__m128i Index = _mm_setzero_si128(); Index = _mm_blendv_epi8(Index, _mm_add_epi8(Index, _mm_set1_epi8(1)), P0, _mm_set1_epi8(255)); Index = _mm_blendv_epi8(Index, _mm_add_epi8(Index, _mm_set1_epi8(2)), P1, _mm_set1_epi8(255)); Index = _mm_blendv_epi8(Index, _mm_add_epi8(Index, _mm_set1_epi8(4)), P2, _mm_set1_epi8(255)); Index = _mm_blendv_epi8(Index, _mm_add_epi8(Index, _mm_set1_epi8(8)), P3, _mm_set1_epi8(255)); _mm_storeu_si128((__m128i*)(LinePD + X), _mm_shuffle_epi8(Lut128, Index));
Also, observing this C language peculiarity again, we can modify the above C code as:
int Index = 0; Index += (1 & P0); Index += (2 & P1); Index += (4 & P2); Index += (8 & P3); LinePD[X] = Lut[Index];
That is to say, we can directly use bitwise operation to replace that judgment, so that the corresponding SSE instruction can also be modified as the following code:
__m128i Index = _mm_setzero_si128(); Index = _mm_add_epi8(Index, _mm_and_si128(_mm_set1_epi8(1), P0)); Index = _mm_add_epi8(Index, _mm_and_si128(_mm_set1_epi8(2), P1)); Index = _mm_add_epi8(Index, _mm_and_si128(_mm_set1_epi8(4), P2)); Index = _mm_add_epi8(Index, _mm_and_si128(_mm_set1_epi8(8), P3)); // You can implement a lookup table directly with shuffle _mm_storeu_si128((__m128i*)(LinePD + X), _mm_shuffle_epi8(Lut128, Index));
This is also about a 30% performance improvement over the original SSE code.
For a table of 512 elements, the situation will be different, because the index value is greater than 255, so it is no longer possible to use the byte type to save the index obtained after accumulation, at least the ushort type, but then, the first 8 positions of the index will not be added up beyond the byte type, so the first 8 positions can still be processed at one time 16 pixels, to the last position, the separate conversion to 16 bits, and then use 2 times 16 data processing instructions, you can get 16 bytes corresponding to the lookup table index at once.
But at this time, because the table size is 512 hours, so it is no longer possible to use SSE to optimize this table lookup function, only to extract the index value individually, and then use ordinary C language to execute the code.
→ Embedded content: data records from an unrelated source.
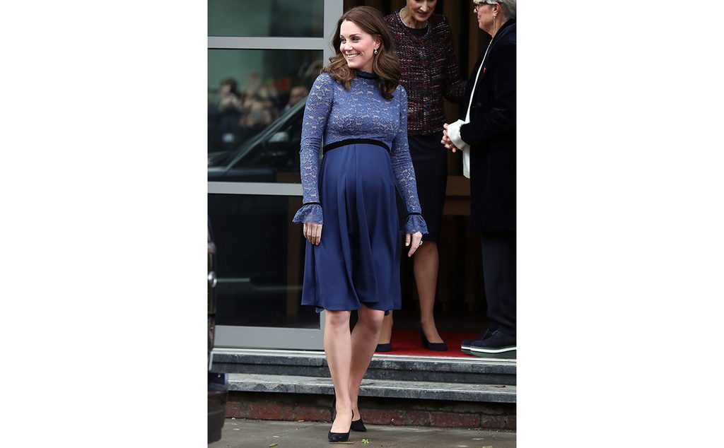 بالرغم من الحمل وحجم البطن الذي يكبر في هذه الفترة، ظلّت دوقة كمبريدج كيت ميدلتون محافظة على أناقتها المعهودة من خلال اختيار ملابس الحمل الجذابة مثل الفساتين الكلاسيكية والمعاطف بالأحزمة.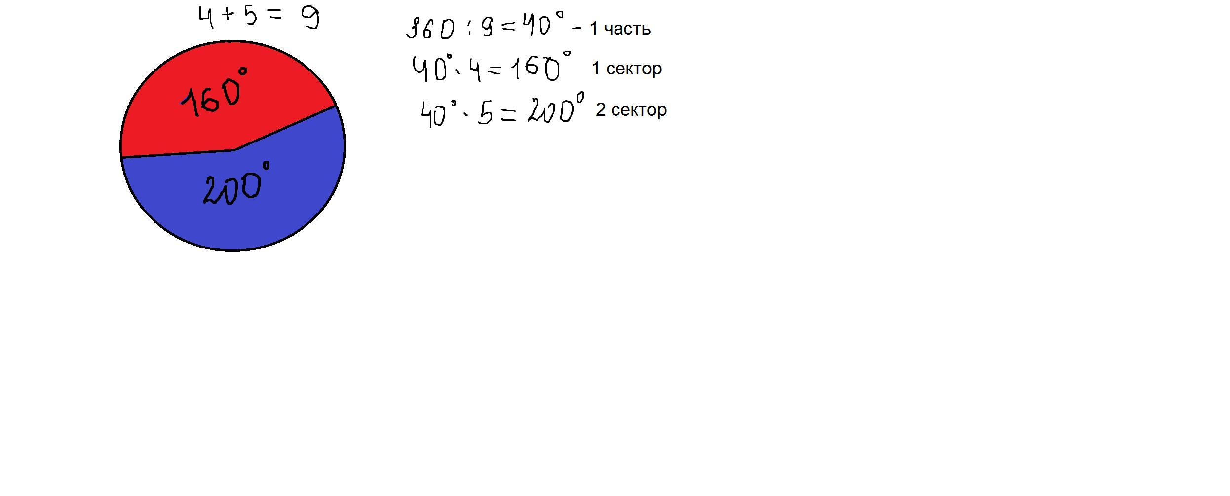 т.к сектора в отношении 4:5 то всего 4+5=9 частей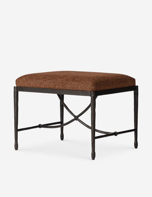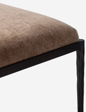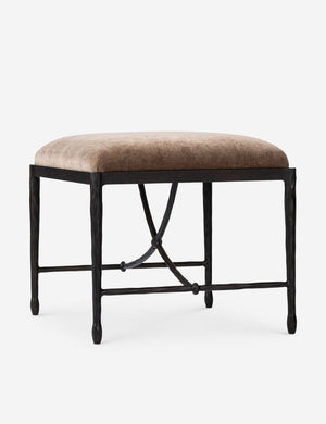 Perlaza blends transitional ease with Art Deco style in a sleek, streamlined silhouette. This stool pairs plush velvet upholstery with a hammered iron base featuring curved stretchers that bring a graceful bearing to the design. Whether placed in a pair at the foot of a bed, in an entryway, or styled beneath a window, it offers an elevating touch with a timeless feel.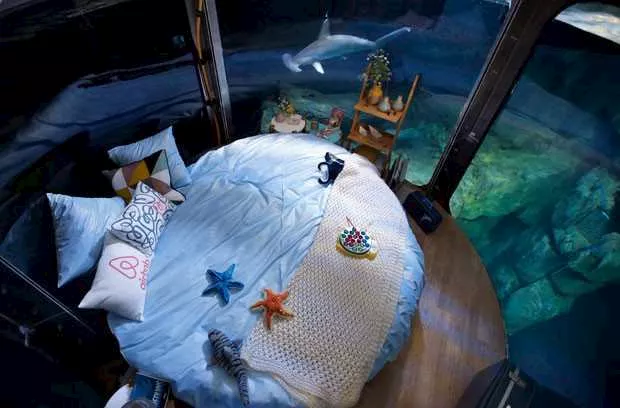 تخيل أن تستلقي على فراشك بينما أسماك القرش تدور حولك، هذا ما يقدمه "أكواريوم باريس" بالتعاون مع موقع "Airbnb"، إذ يتاح لعدد محدود من الفائزين قضاء ليلة كاملة داخل غرفة زجاجية غارقة وسط حوض يضم 35 سمكة قرش.
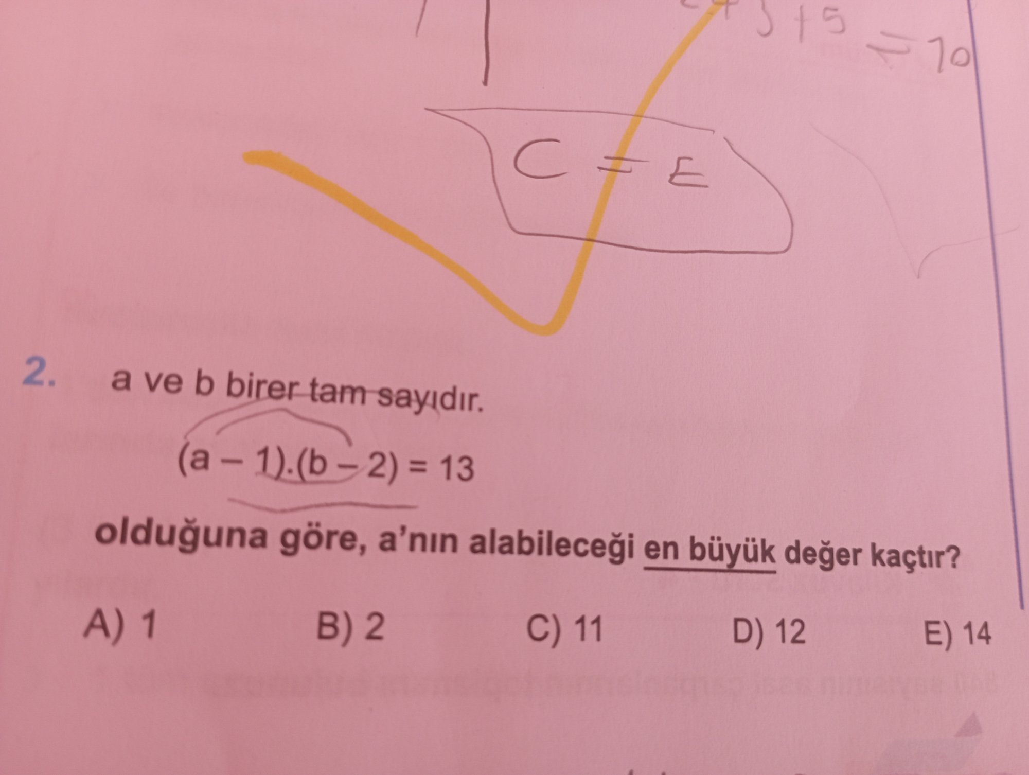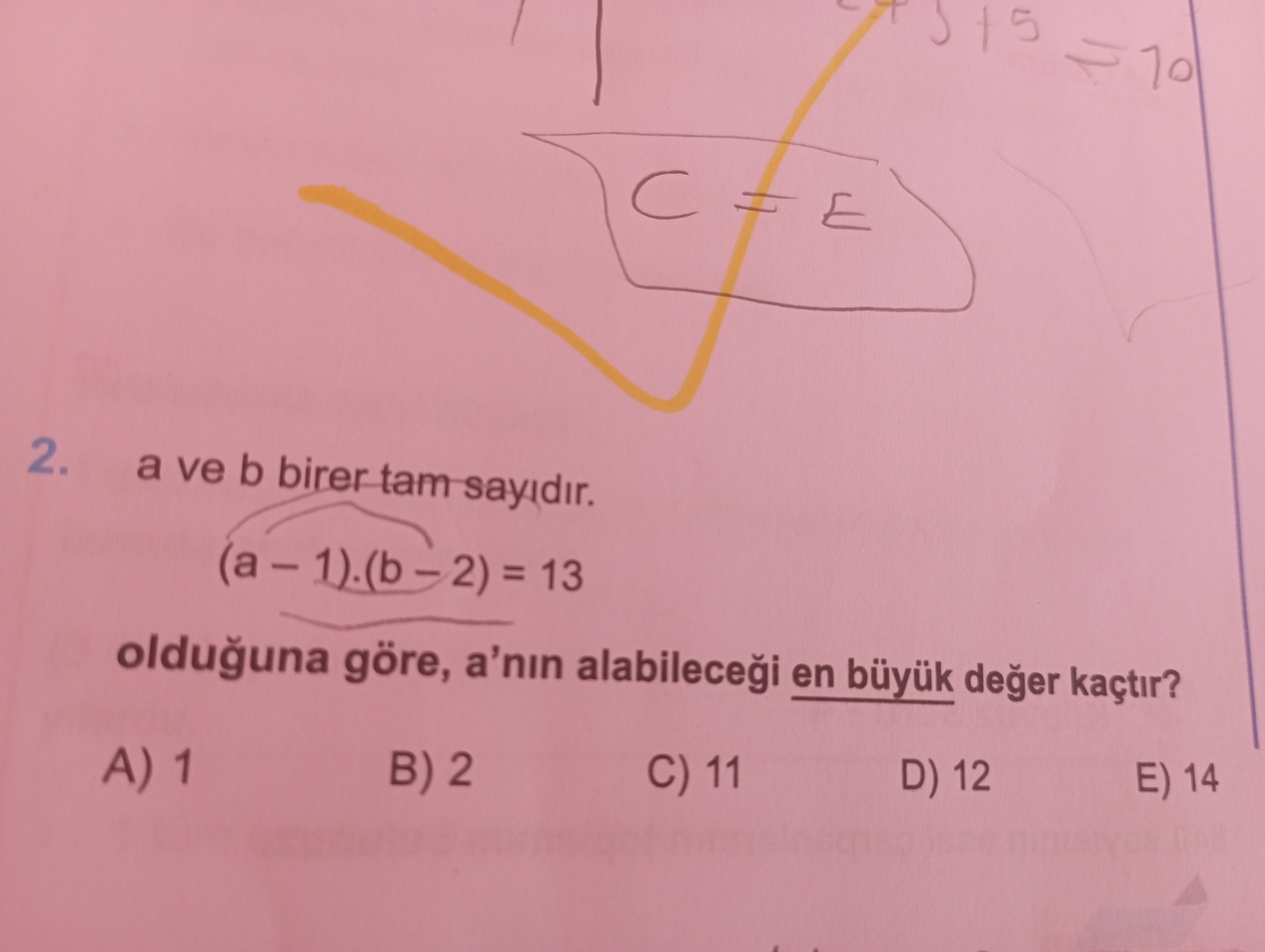 (a - 1).(b - 2)=13 a nın alabileceği en büyük değer nedir?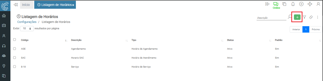 Obs.: Ao utilizar os horários de Agendamento e Serviço, é necessário definir um deles como “Padrão” para que o sistema mantenha a referência correta que deve ser coletada em rotinas padrões.

If the CPU can support AVX2, then AVX2 can be used to look up the table directly, but there is a lot of modification work to be done.
We test that for a table of 512 elements, the optimized SSE instruction takes less than 2ms to process a 3000*2000 bipartite graph, which is still quite fast.
Search matlab code, in addition to bweuler and bwarea within the use of bwlookup, in addition to bwmorph is also a large number of bwlookup, and are using the 512 elements of the table, that is to say, the use of 3 * 3 field, we look at the bwmorph help file, there are a lot of related content:
These corresponding lookup tables can be found in files beginning with lut in the MATLAB\R2023b\toolbox\images\images\+images\+internal directory, e.g., the table for this clean has the following contents:
The contents of these tables are designed ahead of time and can then be called many times over to get some sort of effect.
In general, the effect of this 3*3 domain operator does not change after a certain number of iterations.
We can also see some common operators in morph, such as this remove to get the boundary of the binary image, this majority can smooth out the noise (and the effect of that majority specifically in my blog is still different).
Original image removemajority
fatten skeleton thin
Personally feel that this method is still very helpful in dealing with some of the more complex domain information, especially not convenient to write one by one with the judgment conditions, if you can get the table out in advance, then the efficiency can be greatly improved.
This algorithm is also integrated in the personal SSE Demo, whose content is in Binary(Binary Processing)--"Processing(Post-Processing)-->> Morph(Morphology), for those who are interested.